Lots of things take 2% and that’s the problem - you can keep breaking down consumption into finer and finer categories, to find that all those fine categories each only take a small percentage of the total.
The problem is everything, all together. All the 2%s each need to take action in their own way.
This is the opposite, though. In order to cobble together a number that seems even remotely problematic they had to combine several things that are weakly related: all IT workloads, plus all wireless networks. They also needed to express it in terms of global electricity, instead of global primary energy, because it is absolutely dwarfed by fuel burned for transport. Finally, this is a consumer that can be trivially decarbonized.
Compare private passenger cars which are ~12% of global CO2 and there are no practical ways to decarbonize that.

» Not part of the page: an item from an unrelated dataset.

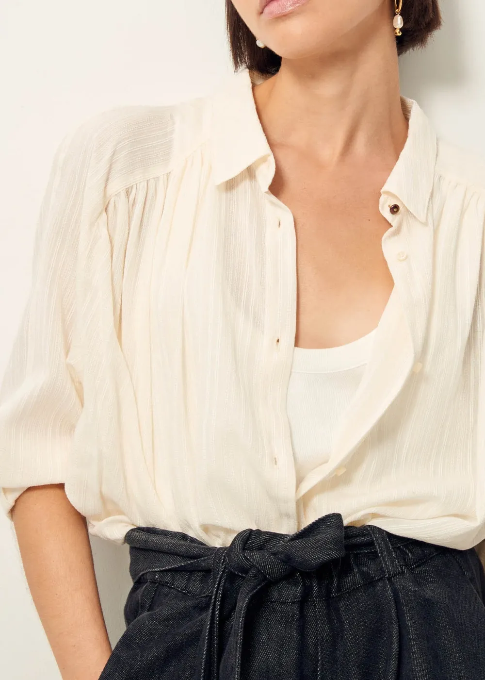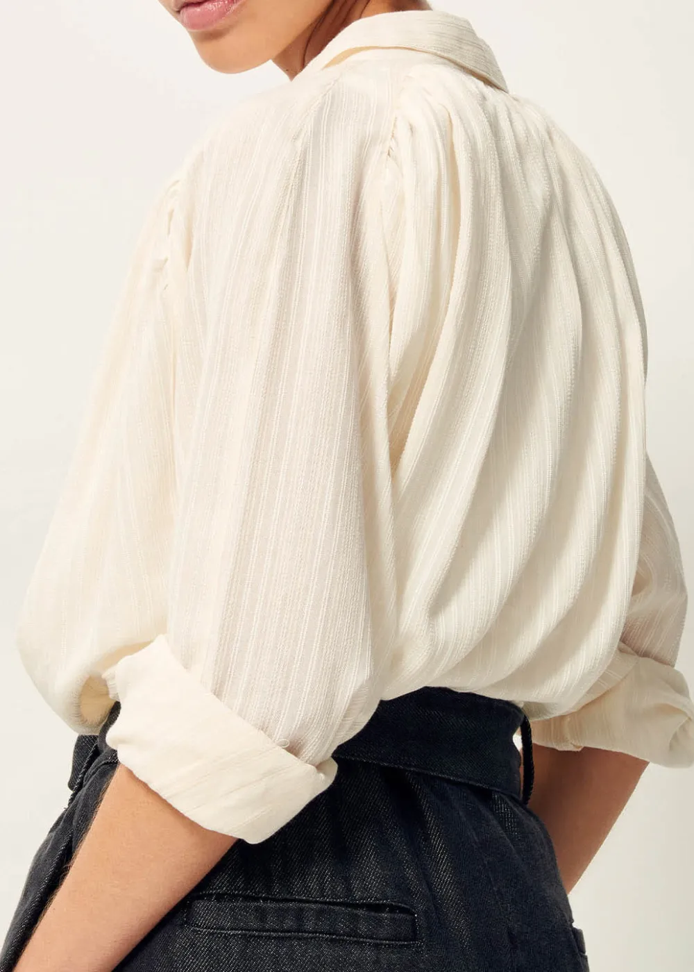 Loose-fitting shirt with raglan armholes and front and back gathered yokes in thin striped jacquard antic lawn, exclusive Sessùn.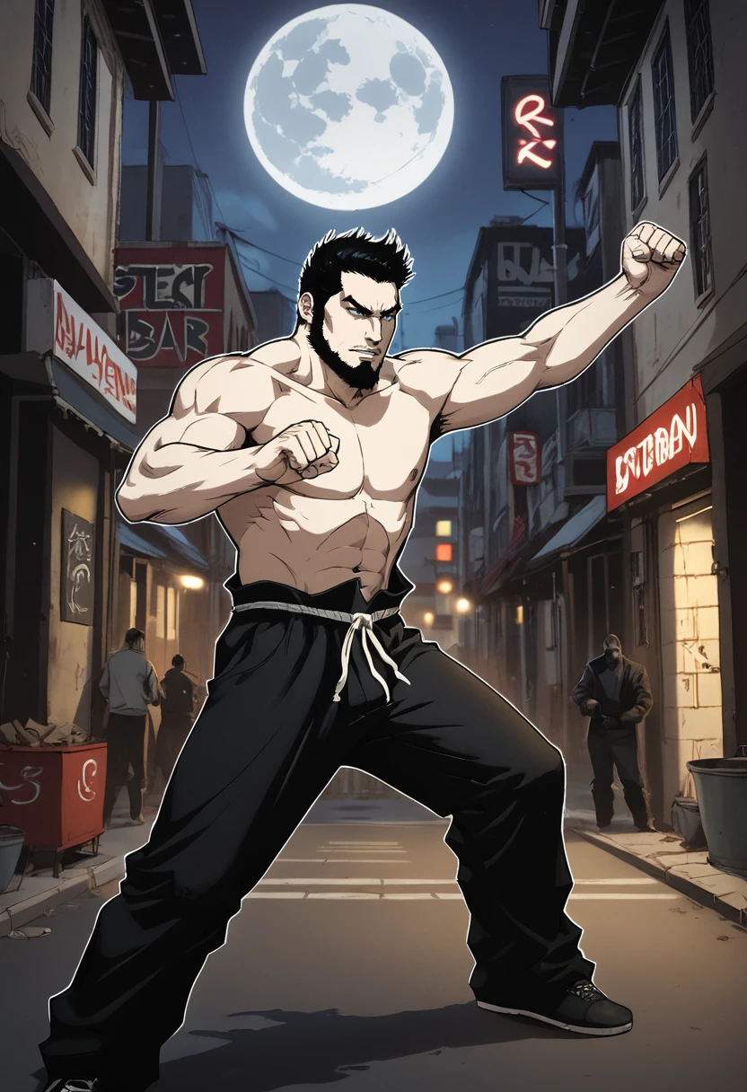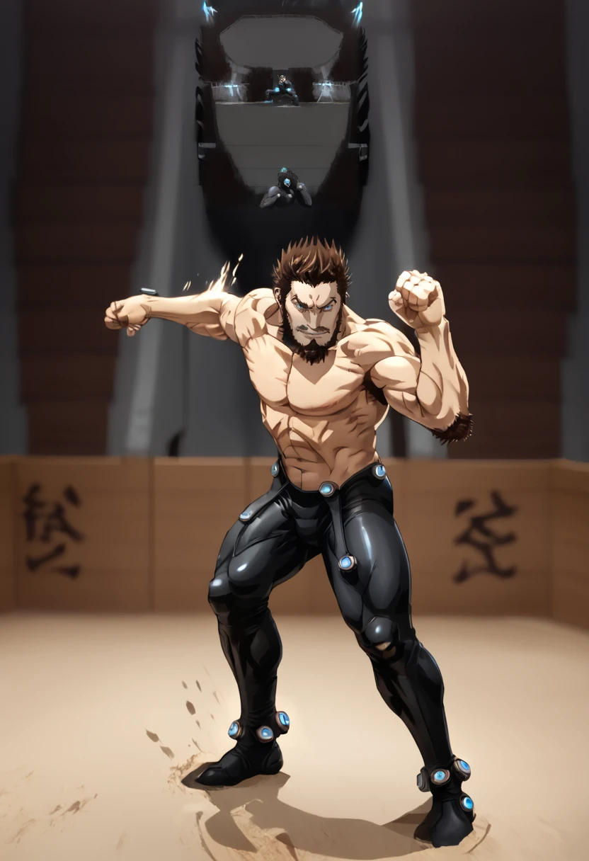 1boy, k4ze, male focus, facial hair, beard, gantz, bodysuit

Never trust a mathematician wrt trivial | left as an exercise to the reader :
"One day Shizuo Kakutani was teaching a class at Yale. He wrote down a lemma on the blackboard and announced that the proof was obvious. One student timidly raised his hand and said that it wasn't obvious to him. Could Kakutani explain?
After several moments' thought, Kakutani realized that he could not himself prove the lemma. He apologized, and said that he would report back at their next class meeting.
After class, Kakutani, went straight to his office. He labored for quite a time and found that he could not prove the pesky lemma. He skipped lunch and went to the library to track down the lemma. After much work, he finally found the original paper. The lemma was stated clearly and succinctly. For the proof, the author had written, 'Exercise for the reader.'
The author of this 1941 paper was Kakutani."
Also, in some cases various types of obstructionism. I've heard several stories (including some from my home state) of wind farms being fought against tooth and nail, even in cases where the negative impact is somewhere between tiny and minimal (e.g. the only town nearby would see them as 1" tall on the horizon). Some of this is no doubt thanks to campaigns from incumbent energy providers and other underhanded methods like weaponization of environmental regulations.
The problem is everything, all together. All the 2%s each need to take action in their own way.